O professor da Universidade de Brasília (UNB) e coordenador do grupo de pesquisa sobre Filosofia da Religião na instituição, Agnaldo Cuoco Portugal, afirmou em entrevista ao Portal Congresso em Foco que o discurso de combate ao ódio contra cristãos não é necessariamente novo. “Já vi o Papa Francisco falando desta perseguição. O patriarca de Moscou também. Aí faz sentido a estas autoridades falar contra a perseguição de cristãos”, disse, referindo-se ao líder da Igreja Católica Apostólica Romana e a Cirilo I, líder da Igreja Ortodoxa Russa.
O discurso bolsonarista mostra que não se trata apenas da interferência da religião na política, mas também da interferência da política na religião. Qualquer uma das duas manobras, pondera Agnaldo, é perigosa. “O chefe de nação defender determinada religião incorre no perigo de aumentar sua legitimidade política. E é algo perigoso numa democracia por conta de sua laicidade- o Estado não pode tomar uma posição religiosa, em detrimento de uma ou outra expressão”, explicou.
O conceito de cristofobia
Em entrevista ao Coletivo Bereia, o teólogo e pastor batista Irenio Chaves analisou o uso do termo “cristofobia”.

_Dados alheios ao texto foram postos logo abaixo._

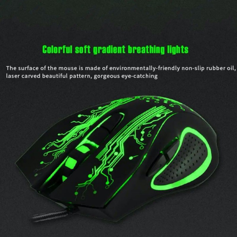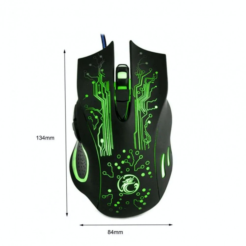 Провідна ігрова миша X9 виготовлена з використанням високоякісного ABS та сучасного ігрового чіпа, що забезпечує довговічність і надійність. Унікальний дизайн з лазерним гравіюванням радіюму та ергономічно розроблена форма роблять її привабливою та зручною для тривалого використання. Миша оснащена автоматичною дихальною LED-лампою з сімома кольоровими переходами та пропонує чотирирівневу регулювання DPI (800/1200/1600/2400), що дозволяє адаптуватися до різних ігрових умов.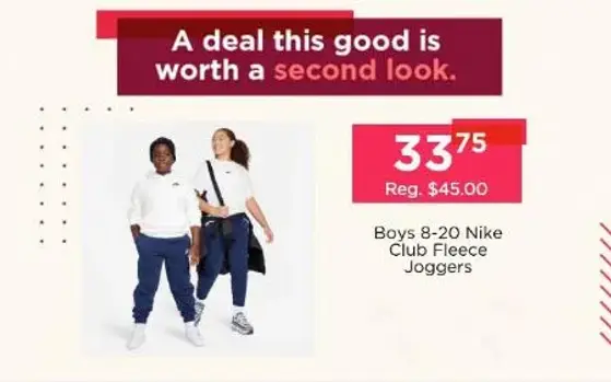 Stop by and get $33.75 Boys 8-20 Nike Club Fleece Joggers in store for a limited time.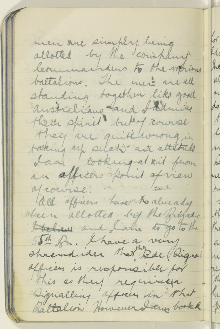 men are simply being allotted by the company Commanders to the various battalions. The men are all standing together like good Australians and I admire their spirit but of course they are quite wrong in taking up such an attitude I am looking at it from an officers point of view of course.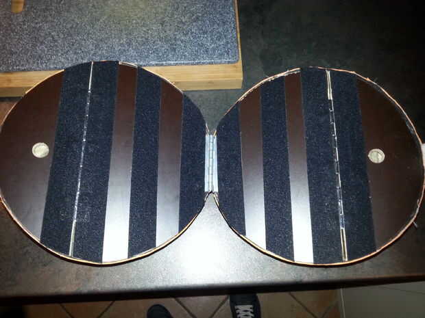 Utilicé unas tiras de velcro hembra y pone sobre las bisagras te. Así es un poco más seguro y más difíciles de su deslizamiento de la tabla cuando se balanceo.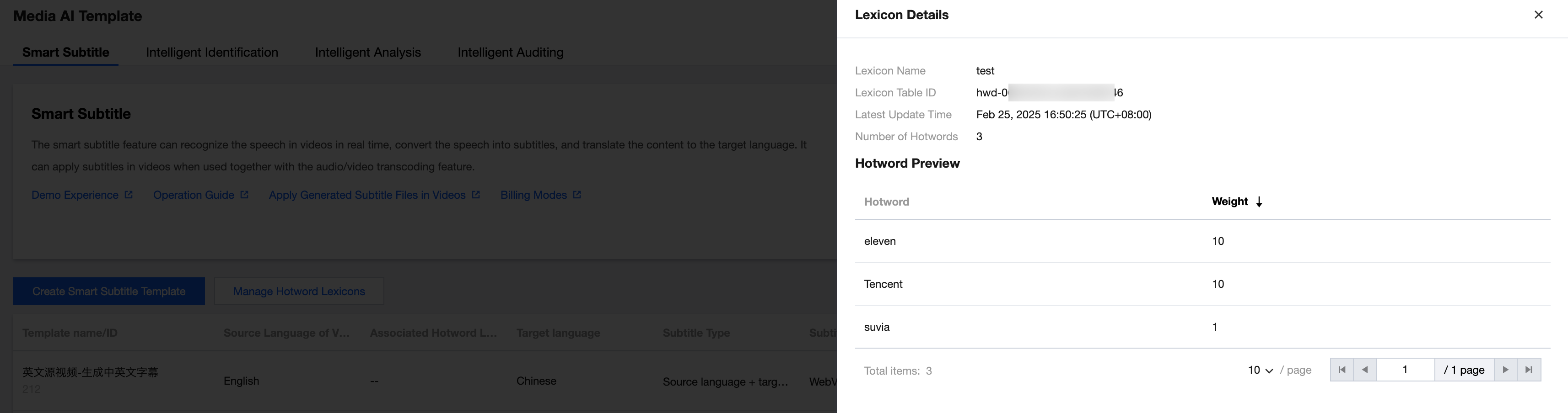 スマート字幕テンプレート > カスタムホットワード用語集の管理に移動し、用語集の操作列にある表示をクリックすると、用語集の詳細をプレビューできます。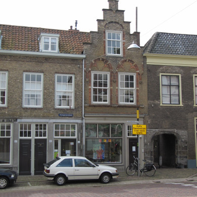 PAND met lijstgevel (XVIII), waarin geprofileerde, laat-gotische poort, die toegang geeft tot het Hof.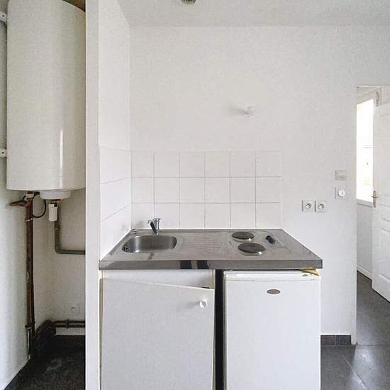 Réf / 2885 - appartement t2 dans charmante longère comprenant une entrée sur séjour, une kitchenette équipée, une chambre avec une salle d'eau et wc. Disponible contacter philippine gli.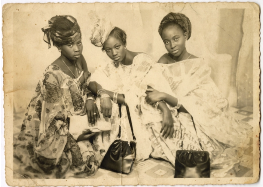 Une photo de 1956/1957 de Seydou Keïta représente deux femmes assises contre un imprimé tourbillonnant, presque mod, les robes élaborées des femmes coupées dans un tissu imprimé et texturé, leurs cheveux ornés de perles et d’enveloppements. Leurs poignets droits arborent un brassard et leur gauche une montre de bonne taille de style européen. La femme de gauche semble légèrement plus âgée et porte une bande de mariage; elle ne sourit pas pour la caméra. La femme de droite – sa fille ? Une seconde épouse ? Une sœur ? – semble plus détendue, et un sourire orne son visage.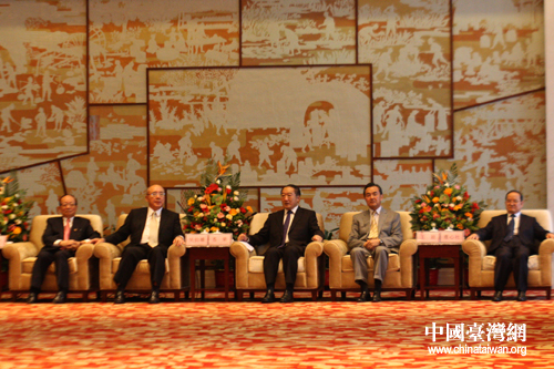 會見現場。圖中從右至左依次為鹿心社、王毅、蘇榮、吳伯雄、蔣孝嚴。(中國臺灣網 邢同林 攝)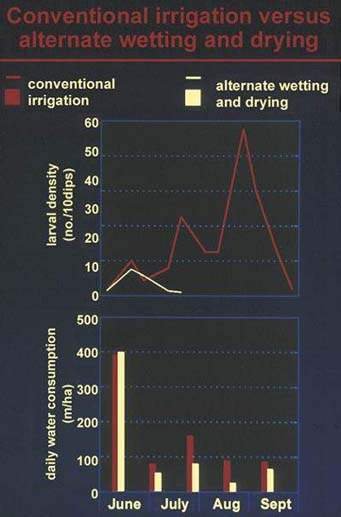 populations in conventionally irrigated rice fields versus those with alternate

Não existe cristofobia no Brasil. Esse termo foi usado para descrever a perseguição a cristãos em países dominados por outros fundamentalismos e regimes extremistas, muitas vezes com martírio, desterro e violência. Não é o nosso caso. Não resta a menor dúvida de que há uma herança histórica de preconceito a protestantes, que vem diminuindo e quase desaparecendo, que é aquele que diz que todo o crente é sem entendimento e de classes sociais inferiores.
Irenio Chaves
Ouvida por Bereia, a professora de Antropologia da Religião na Unicamp Brenda Carranza explica que o uso do termo “cristofobia” pode estar relacionado às falas do Deputado Marco Feliciano em reação à Parada Gay em São Paulo. “Utilizar pública e aleatoriamente o termo Cristofobia é pavimentar a ideia de que existe um ódio contra o cristianismo. Tal ódio, segundo os disseminadores do termo, é nutrido por minorias sociais, étnicas e demográficas (entre elas comunidades LGBTQ+, movimentos sociais, indígenas, negros, pobres e feministas) que ameaçam o moral e costumes cristãos e acalentam desejos de atacar os cristãos”, afirma a pesquisadora. Em 2015, o então Presidente da Câmara Eduardo Cunha tentou votar com urgência um projeto de lei sobre cristofobia. O PL se encontra na Comissão de Constituição, Justiça e Cidadania e teve relatório favorável em 2019.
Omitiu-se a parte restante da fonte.